Finally G-BGR stood ready, fully loaded. It was a few minutes before four in the afternoon, and a slow, wet, hot wind was blowing straight down the field from the sea.
‘Estimated flight time to Natal is nineteen hours, ten minutes,’ Frank said. ‘If we take off now we should be landing about eleven in the morning Gambia time … ten, Natal time.’
Guy followed Frank up the portable stepladder on to the wing, through the port, into the cockpit.
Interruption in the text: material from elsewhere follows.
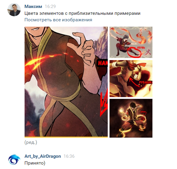 На данном этапе я хочу заметить, что меня очень порадовала манера общения художника. Приятно слышать на свои пожелания фразы: "Конечно)", "А, хорошо)", "Принято.", "Хорошо)) Сделаю правки и снова пришлю.", "Хорошо) Залайню, нанесу базовые цвета и пришлю удостовериться, что по цветам все верно)", "Принято), Хорошо, поправлю)", и другие в подобном стиле.

Two soldiers followed, each carrying a starting handle. One by one the four engines coughed and sputtered to life, one by one the four propellers started to rotate. The soldiers pushed their starting handles back into the plane through the entry ports, and then clambered back to earth. Frank recovered and stowed the stepladder and closed and fastened the entry ports.
Guy said, ‘All ready?’
Frank tugged at his sleeve and pointed. A small old Rowland Ruby was puttering towards them across the field. It stopped beside the Buffalo and Dragee jumped out. He cupped his hands to his mouth and shouted something; but they could not hear against the thunder of the engines. Dragee dived back into his car and came out with a big notebook. He wrote in it, and held it up to them, close under the cockpit. Guy read aloud – ‘Alcock and Brown landed Ireland this a.m.’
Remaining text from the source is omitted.